THE RECORDS —
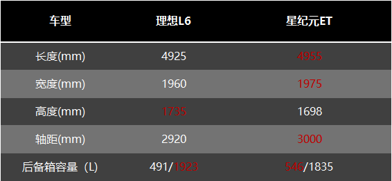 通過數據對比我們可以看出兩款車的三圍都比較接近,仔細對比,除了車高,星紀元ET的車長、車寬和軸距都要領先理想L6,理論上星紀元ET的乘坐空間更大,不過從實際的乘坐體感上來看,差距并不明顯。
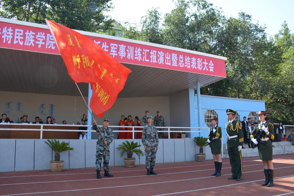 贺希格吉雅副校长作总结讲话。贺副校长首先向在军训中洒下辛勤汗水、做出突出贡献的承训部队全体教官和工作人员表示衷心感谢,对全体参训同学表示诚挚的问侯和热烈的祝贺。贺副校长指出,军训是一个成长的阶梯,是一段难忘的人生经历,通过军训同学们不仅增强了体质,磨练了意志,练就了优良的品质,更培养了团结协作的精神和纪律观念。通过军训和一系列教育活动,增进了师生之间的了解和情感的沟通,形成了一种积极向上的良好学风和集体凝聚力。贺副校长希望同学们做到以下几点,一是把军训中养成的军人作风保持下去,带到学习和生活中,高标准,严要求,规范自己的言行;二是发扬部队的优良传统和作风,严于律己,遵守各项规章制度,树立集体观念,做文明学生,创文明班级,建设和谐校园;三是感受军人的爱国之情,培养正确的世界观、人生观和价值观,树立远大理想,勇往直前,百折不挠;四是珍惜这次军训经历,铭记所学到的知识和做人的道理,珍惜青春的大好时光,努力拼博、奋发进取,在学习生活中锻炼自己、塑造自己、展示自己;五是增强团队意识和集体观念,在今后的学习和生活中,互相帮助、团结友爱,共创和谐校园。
--
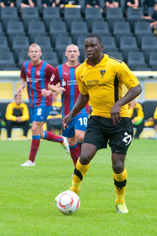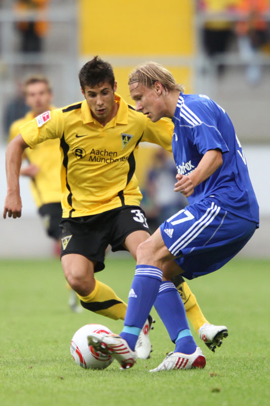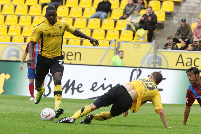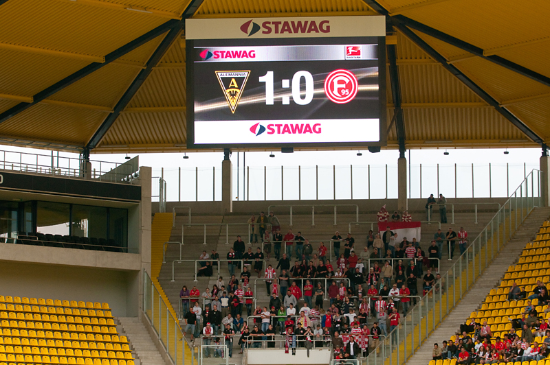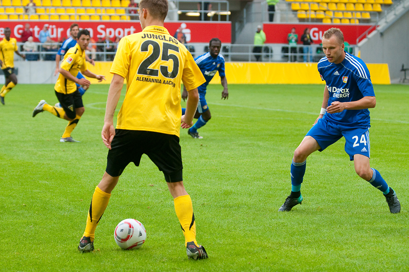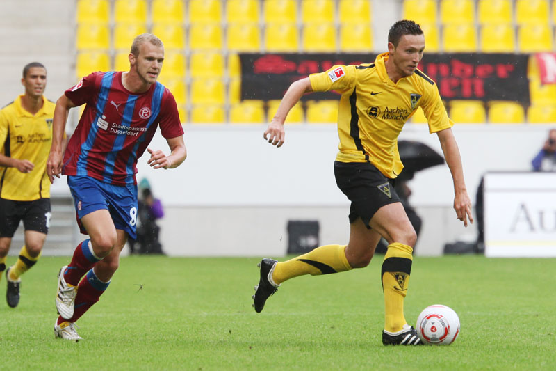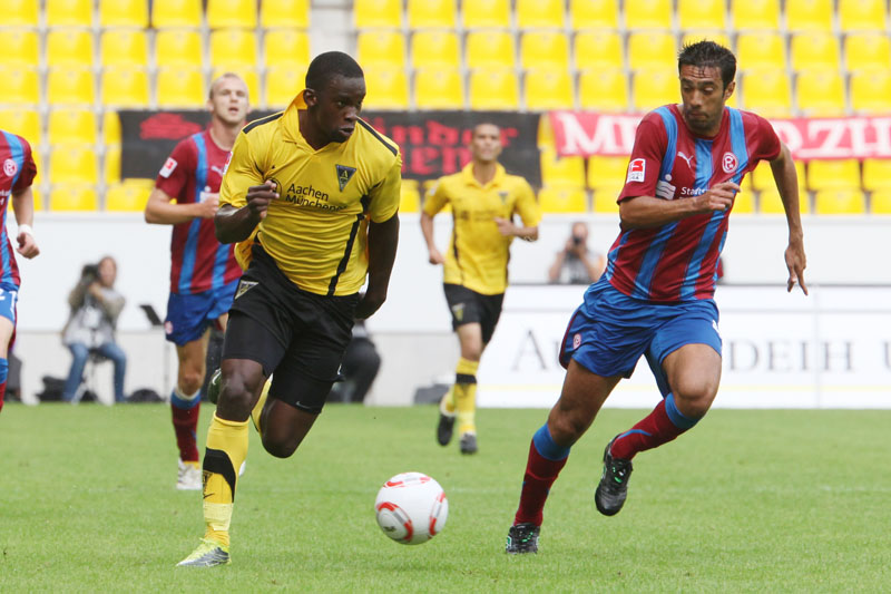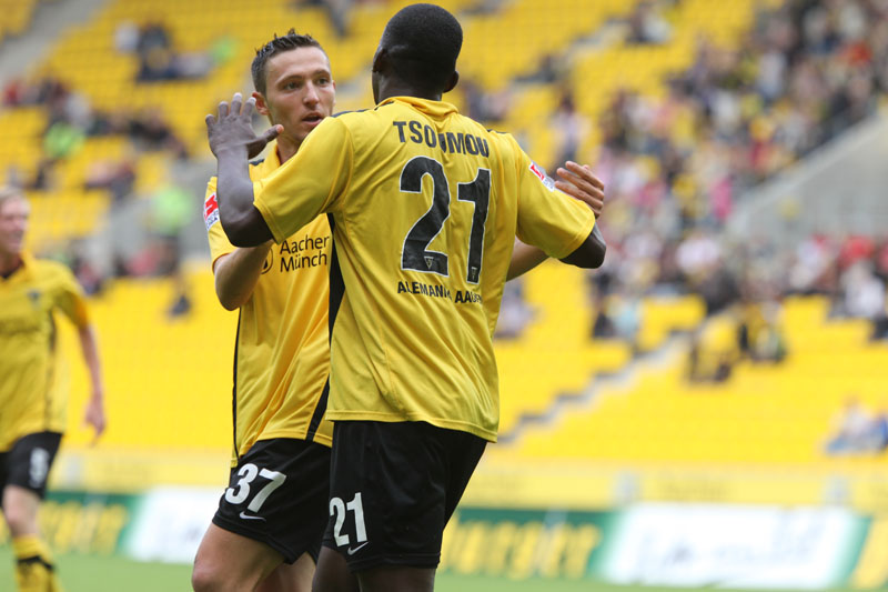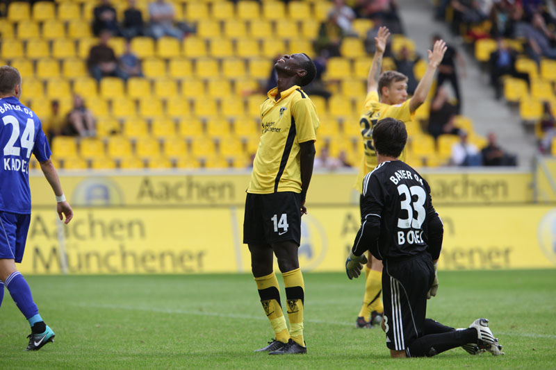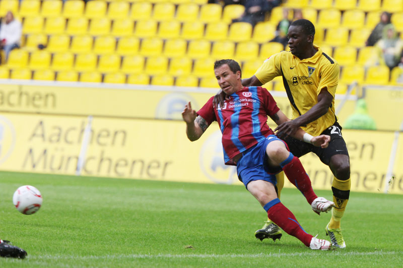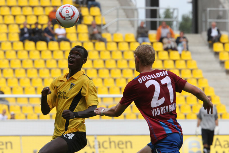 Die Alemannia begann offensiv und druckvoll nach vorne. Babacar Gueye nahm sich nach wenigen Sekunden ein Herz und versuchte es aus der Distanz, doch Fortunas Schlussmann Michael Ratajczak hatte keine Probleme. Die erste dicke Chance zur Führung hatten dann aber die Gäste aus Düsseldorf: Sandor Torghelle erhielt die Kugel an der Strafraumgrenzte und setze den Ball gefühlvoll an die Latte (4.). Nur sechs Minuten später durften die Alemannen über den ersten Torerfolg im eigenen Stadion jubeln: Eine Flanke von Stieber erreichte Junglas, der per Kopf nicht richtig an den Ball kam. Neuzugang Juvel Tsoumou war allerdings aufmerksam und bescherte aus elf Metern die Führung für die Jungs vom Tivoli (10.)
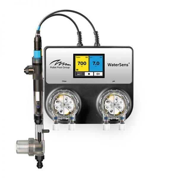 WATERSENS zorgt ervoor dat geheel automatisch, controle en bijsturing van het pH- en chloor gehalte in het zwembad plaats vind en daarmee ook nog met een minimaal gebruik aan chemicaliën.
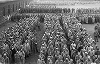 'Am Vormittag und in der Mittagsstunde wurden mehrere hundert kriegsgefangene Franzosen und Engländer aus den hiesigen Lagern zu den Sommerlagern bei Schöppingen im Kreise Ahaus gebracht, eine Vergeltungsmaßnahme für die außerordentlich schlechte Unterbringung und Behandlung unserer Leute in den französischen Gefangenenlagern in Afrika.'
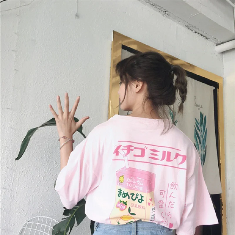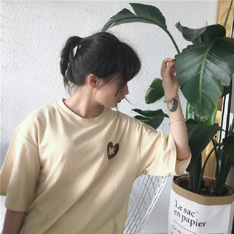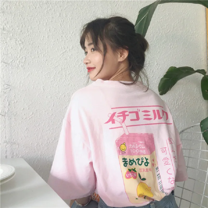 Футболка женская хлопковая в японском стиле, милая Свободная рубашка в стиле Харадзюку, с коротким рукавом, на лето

TASK PROMPT — Beginning with the line above that contains "WATERSENS zorgt ervoor" and ending with the line that contains "Футболка женская хлопковая", quote each line exactly, keeping out the pictures.

WRITTEN RESPONSE —
 WATERSENS zorgt ervoor dat geheel automatisch, controle en bijsturing van het pH- en chloor gehalte in het zwembad plaats vind en daarmee ook nog met een minimaal gebruik aan chemicaliën.
 'Am Vormittag und in der Mittagsstunde wurden mehrere hundert kriegsgefangene Franzosen und Engländer aus den hiesigen Lagern zu den Sommerlagern bei Schöppingen im Kreise Ahaus gebracht, eine Vergeltungsmaßnahme für die außerordentlich schlechte Unterbringung und Behandlung unserer Leute in den französischen Gefangenenlagern in Afrika.'
 Футболка женская хлопковая в японском стиле, милая Свободная рубашка в стиле Харадзюку, с коротким рукавом, на лето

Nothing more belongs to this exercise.